In 1780, he married Ann Catherine Dashwood, the eldest daughter of prominent Lincolnshire landowner Samuel Dashwood and Anne Dashwood. She was a granddaughter of George Dashwood, MP for Stockbridge (and son of Lord Mayor of London Sir Samuel Dashwood), and James Bateman, MP for Carlisle (and son of banker Sir James Bateman). He adopted his niece Frances Dorothy Cartwright, daughter of his brother Edmund, after her mother died in 1785.

Cartwright died in London on 23 September 1824, and was buried at St Mary's Church, Finchley, north London.

==Legacy==
In 1793 Captain George Vancouver named Cartwright Sound - on the west coast of Graham Island in Haida Gwaii (Queen Charlotte Islands), British Columbia, Canada - in his honour in relation to his Royal Navy service under Admiral Howe.

The Life and Correspondence of Major Cartwright, edited by his niece Frances Dorothy Cartwright, was published in 1826. An uncritical account, it had no competitors until 1972.

In 1831, a monument with a statue by sculptor George Clarke was erected to him in Bloomsbury, London, where he had lived.

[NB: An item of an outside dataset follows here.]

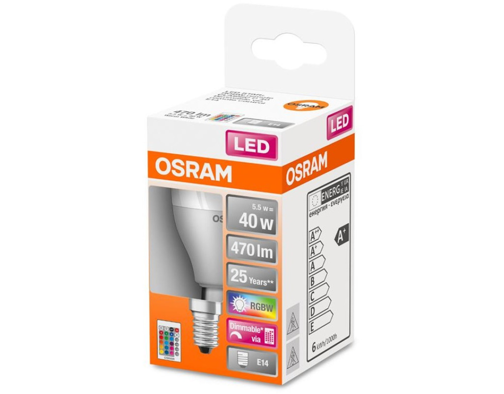 Лампочка Osram LED STAR Е14 5.5-40W 2700K+RGB 220V Р45 пульт ДУ (4058075430877)

Burton Crescent, the original name of the street, was in 1908 renamed Cartwright Gardens in his honour. The statue is Grade II listed.

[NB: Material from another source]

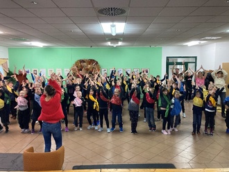 Zusammenhalt erlebt, sondern auch gemerkt, wie einfach es doch ist, sich etwas zuzutrauen. Beginnend mit „Tanz mit Tante Rita“, haben wir zum Beispiel zu „Water“ von Beyoncè, Fireball“,,,Blame it on the Boogie“, passend zu unserem Jahresmotto,,Natur und Umwelt“, die Elemente Wasser, Feuer, Sonne, Erde und Luft in den Tänzen aufgegriffen. Zusätzlich haben wir dazu passende Tücher gestaltet und nach täglich 2 Stunden Probe, an nur drei Tagen, konnten wir am Freitag, den 10.01.2025 vor Gästen und Eltern das Ergebnis präsentieren. Jede unserer 5 Gruppen hat es tatsächlich geschafft, in der so kurzen Zeit, zwei Tänze vorzuführen.

In 1835, a monument to him was erected in St Mary's churchyard, Finchley, paid for by public subscription. It is also Grade II listed. and was on the English Heritage Heritage at Risk Register due to its dangerous condition. The monument was removed from the register after being restored in 2019, as a result of a £79,000 grant from Historic England.

John Cartwright House, built in 1976 on the Mansford Estate in Bethnal Green, was named in his honour. The housing estate was built by Tower Hamlets Council and a number of the blocks were named after social and political reformers. In 2006, the estate transferred to Tower Hamlets Community Housing, a local housing association.